The main maximum temperature during summer normal occurs in the month of May while the minimum temperature in winter occurs in January.

The north–east monsoon gives most of the rains. The average rainfall for a year is found to be 600 mm. The maximum rainfall occurs during the month of September and October due to north-east monsoon.

==Politics==
Eswarappan is the sitting MLA from Dravida Munnetra Kazhagam and G. Hari is sitting Member of Parliament, from Anna Dravida Munnetra Kazhagam (ADMK).

Sakkaramllur is part of Arcot Assembly Constituency. Arcot assembly constituency is part of Arakkonam (Lok Sabha constituency). R. Srinivasan is the sitting Chairperson of the Municipality from ADMK.

== Transport ==

The main mode of transport is by bus since it is economical, and well connected by road. A national highway and two state highways pass through Nearby Arcot Town. There are frequent buses to almost all parts of Tamil Nadu. Buses depart every 15 minutes from Arcot Town to Chennai City and there are also buses to Hosur, Bangalore, Tirupathi, Pondicherry (Puducherry). There are lot of private bus operators as well, who provide services on local and short-distance routes. The nearest railway station to sakkaramallur is Walaja Road, which is around 10 km from Sakkaramallur. There are buses (Route 202) Between Arani and Chennai very frequently and also straight buses (Route 123) between Arcot to Chennai. The local bus from Karivedu to Arcot Town is route no.36,37,38.Buses depart every 15–20 minutes from Arcot Town to sakkaramallur Village. Connectivity available on Arcot town Bus-stop In All Areas.

The nearest railway station is walajah Road station 10 km from the town lying between Arakkonam and Vellore-Katpadi Junction 40 km. The new broad gauge line from Tindivanam to Nagari via Walajah Road Junction will pass through nearby Arcot Town.
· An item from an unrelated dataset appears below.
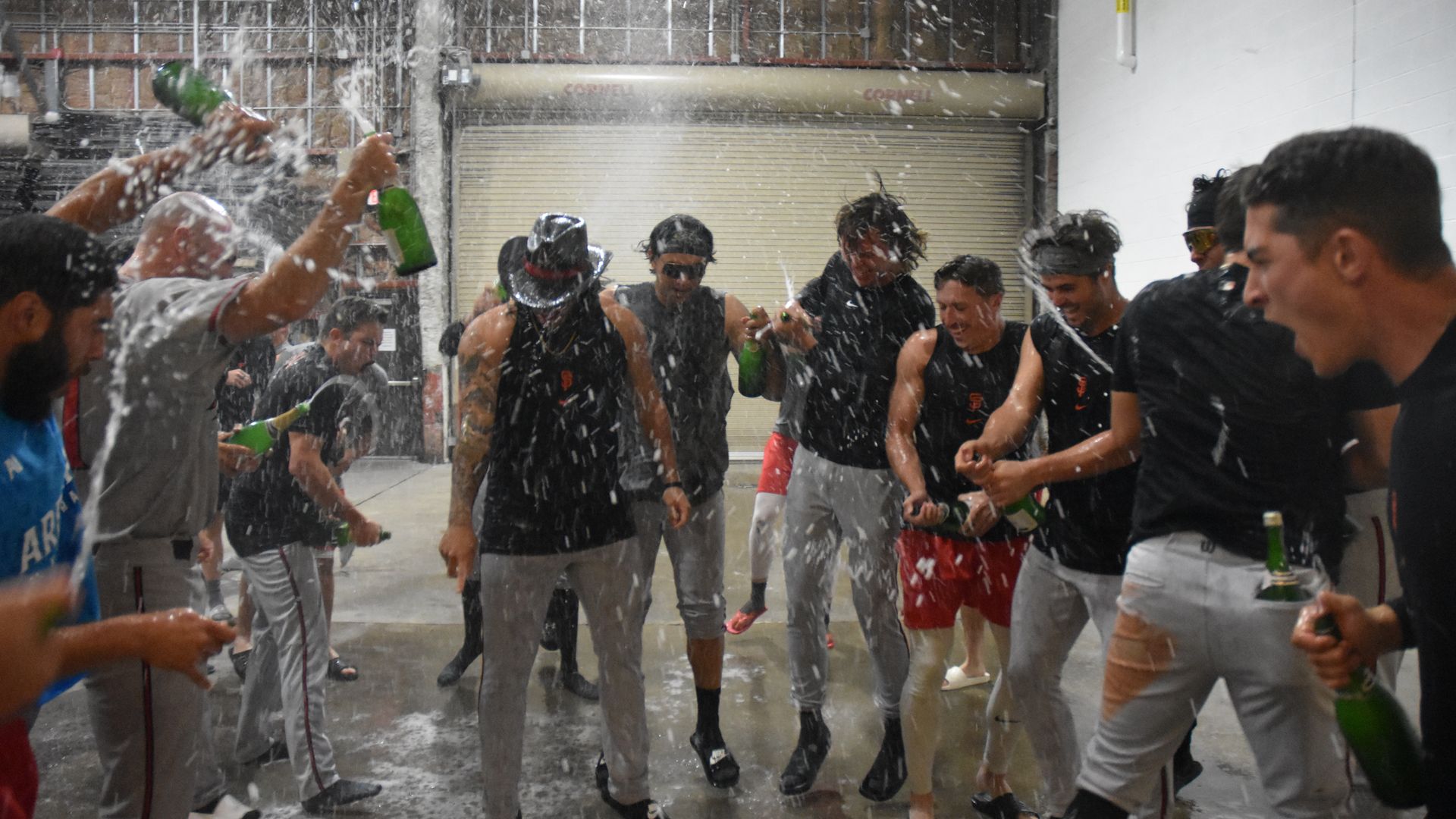 The team celebrating when they learned last week they'd be in the playoffs. Image: Courtesy of Flying Squirrels

It will function within one year.

== Background ==

Neighbouring villages are Puthupadi, Anathangal, Essaiyanur, Valavanur.
The village is home to a population of around 5000 in around 1500 households.
The main occupations represented in the village is farming.
The village has a pond and a lake; after the rainy season, villagers use the lake water and palar river for irrigation.
One corporate bank is available in the village, the bank offers loan facilities for farming families.
One Govt post office is available in the village
One famous Government higher secondary school is also located in the village.
There is a Cricket ground is situated to the local School.
Villagers hold Summer cricket tournaments against neighbouring village teams.

The route from Arcot to Kancheepuram en route these villages.
Arcot→Mupathuvetti→Puthupadi→Sakkaramallur→Anathangal→Essaiyanur→Valavanur→Brahmadesam→Kancheepuram.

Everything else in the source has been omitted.